A Benchmark Dataset for Manipuri Meetei-Mayek Handwritten Character Recognition
datasetposted on 28.09.2019 by Pangambam Singh
Datasets usually provide raw data for analysis. This raw data often comes in spreadsheet form, but can be any collection of data, on which analysis can be performed.
A benchmark dataset is always required for any machine learning based classification or recognition system. To the best of our knowledge, no benchmark dataset exists for handwritten character recognition of Manipuri Meetei-Mayek script in public domain so far.
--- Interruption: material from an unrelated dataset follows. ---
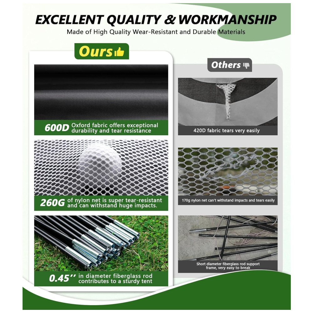 Com esta rede de prática de golfe, você pode aprimorar suas habilidades a qualquer hora e em qualquer lugar, economizando tempo e evitando o incômodo de viajar frequentemente para o campo de golfe. É o auxílio de treinamento de golfe perfeito para homens, meninos, iniciantes em golfe e jogadores de golfe.

In this work, we introduce a handwritten Manipuri Meetei-Mayek character dataset which consists of more than 5000 data samples which were collected from a diverse population group among three different districts of Manipur, India (Imphal East District, Thoubal District and Kamjong District) during March and April 2019. Each individual was asked to write all the Manipuri characters on one A4-size paper. The recorded responses are scanned with the help of a scanner and then each character is manually segmented from the scanned image. The whole dataset is divided into five categories: 1. Mapi Mayek 2. Lonsum Mayek 3. Cheitap Mayek 4. Cheising Mayek 5. Khutam Mayek. This dataset consists of scanned images of handwritten Manipuri Meetei-Mayek characters in .JPG format as well as in .MAT format.